Use CuTe to Implement Vector Addition
Vector Addition with CuTe: From Naive to H100-Optimized
Vector addition is the “hello world” of GPU programming: C[i] = A[i] + B[i] for every element. It’s trivially parallel — every element is independent — which makes it the perfect playground to learn how memory access patterns determine GPU performance.
Background: How a GPU Executes Work
Before diving into code, let’s establish the execution model:
- Thread: The smallest unit of execution. Each thread runs the same kernel code but on different data.
- Block: A group of threads (typically 128–1024) that can share fast on-chip memory and synchronize with each other.
- Grid: The collection of all blocks launched for a kernel. The grid covers the entire problem.
- Warp: A hardware scheduling unit of 32 threads within a block. All 32 threads in a warp execute the same instruction simultaneously (SIMT).

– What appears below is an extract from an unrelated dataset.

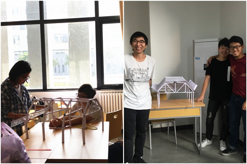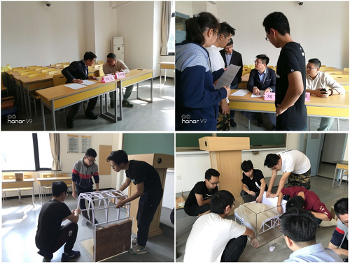在比赛过程中,指导老师对不同的模型进行点评,并指出需要进一步改进和加固的地方。五个参赛队伍齐心协力,精诚合作,遇到困难时,大家群策群力,克服加载过程中的难题,圆满完成竞赛各个环节。经过7个小时的激烈角逐,最终评选出郑思思等三名同学组成的“瓦特”团队和特尼格尔等三名同学组成的“矩阵位移”团队参加全国竞赛。
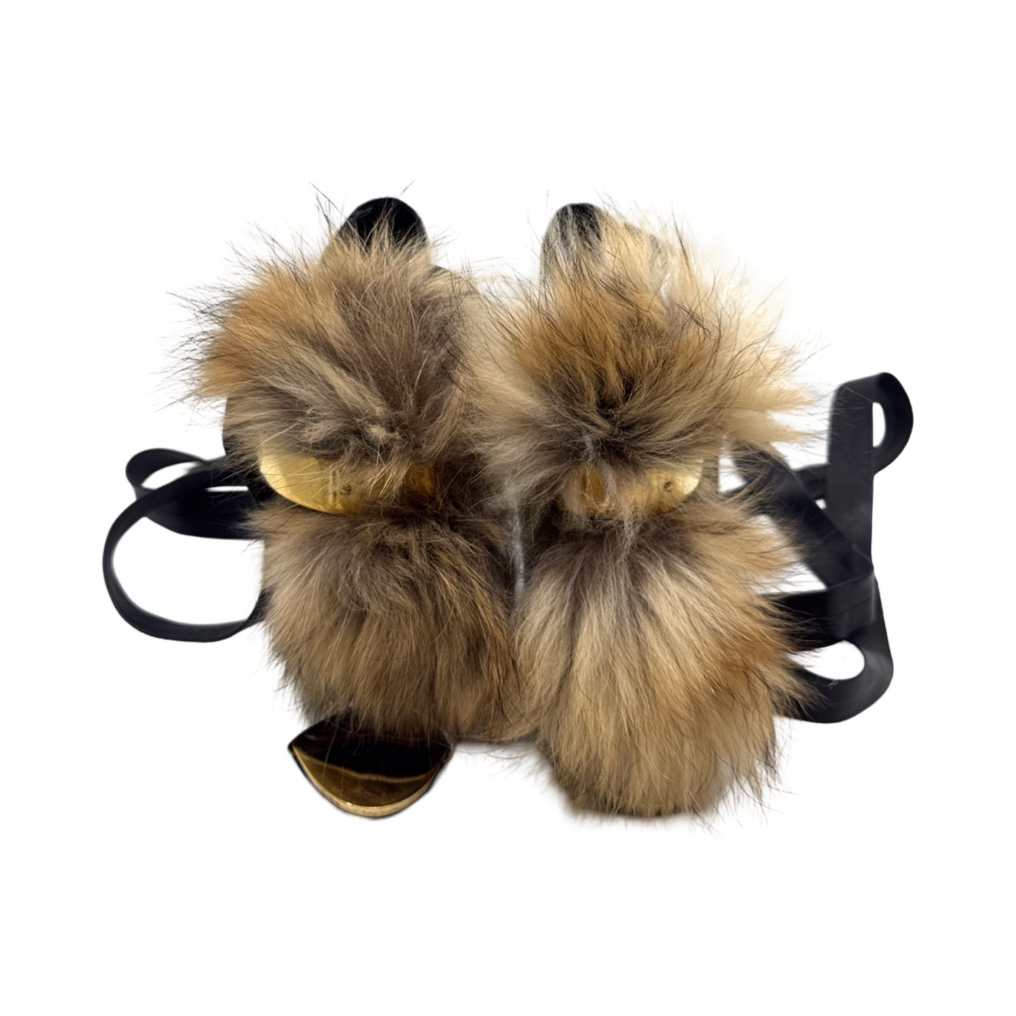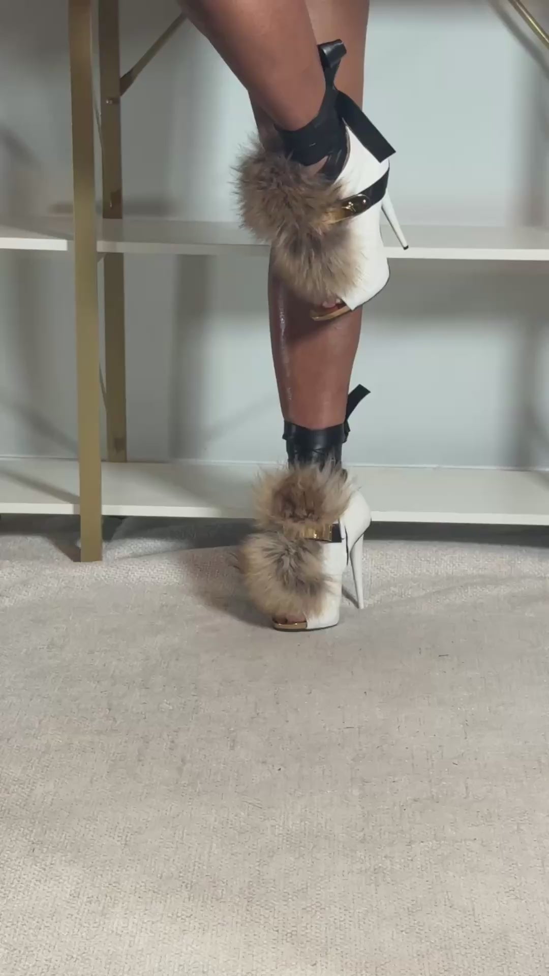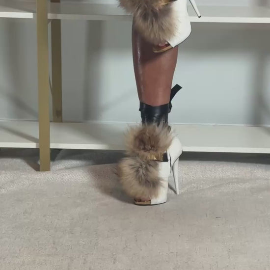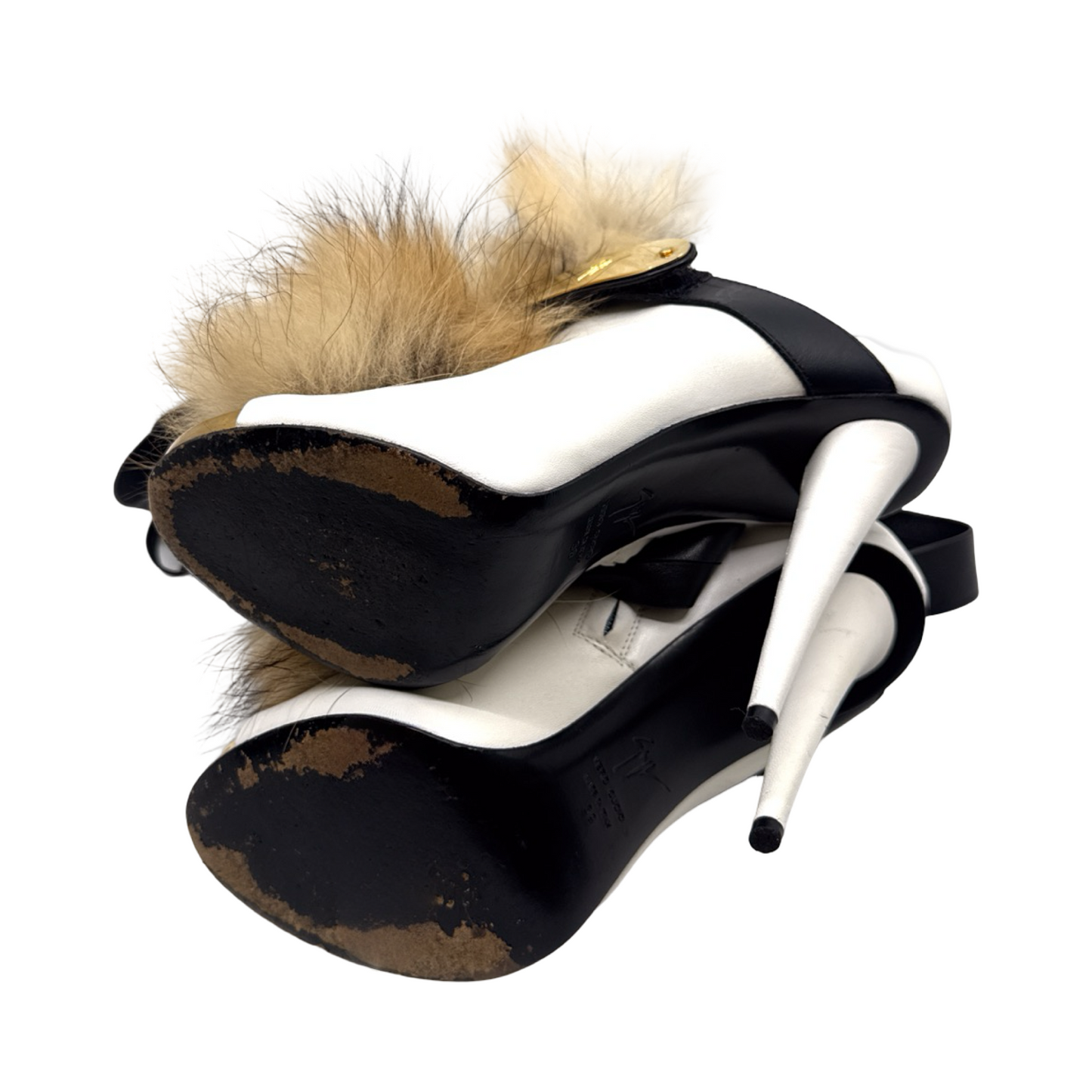 Giuseppe Zanotti white leather peep toe booties with fur.

When you launch a kernel, the GPU maps your grid of blocks onto its Streaming Multiprocessors (SMs). Each SM runs one or more blocks concurrently.
Part 1: The Naive Kernel
@cute.kernel
def vector_add_naive(A: cute.Tensor, B: cute.Tensor, C: cute.Tensor, N: cute.Uint32):
# Where am I in the grid?
bx, _, _ = cute.arch.block_idx() # which block am I in?
tx, _, _ = cute.arch.thread_idx() # which thread within the block?
bd, _, _ = cute.arch.block_dim() # how many threads per block?
gd, _, _ = cute.arch.grid_dim() # how many blocks in the grid?
# My global index
idx = bx * bd + tx
# Stride loop: handles cases where N > total threads
stride = gd * bd
i = idx
while i < N:
C[i] = A[i] + B[i]
i += stride
@cute.jit
def solve_naive(A: cute.Tensor, B: cute.Tensor, C: cute.Tensor, N: cute.Uint32):
threads_per_block = 256
blocks = (N + threads_per_block - 1) // threads_per_block
vector_add_naive(A, B, C, N).launch(
grid=(blocks, 1, 1),
block=(threads_per_block, 1, 1),
)
How the Naive Kernel Works
-
Index calculation: Each thread computes a unique global index
idx = blockIdx * blockDim + threadIdx. With 256 threads per block, block 0 handles indices 0–255, block 1 handles 256–511, and so on. -
Stride loop: If the vector has more elements than total threads (which is common for large vectors), each thread processes multiple elements spaced
strideapart. This pattern is called a grid-stride loop — it makes the kernel work for any vector size regardless of grid dimensions. -
One element per access: Each
A[i]load fetches a single 4-byte float. This is correct but leaves performance on the table.
Why This Is Slow on H100
The naive kernel achieves roughly 30–40% of peak memory bandwidth on an H100. The reason: each thread issues a separate 4-byte load instruction. The GPU’s memory controller must handle 4x more instructions than necessary because we could load 16 bytes (4 floats) in a single instruction.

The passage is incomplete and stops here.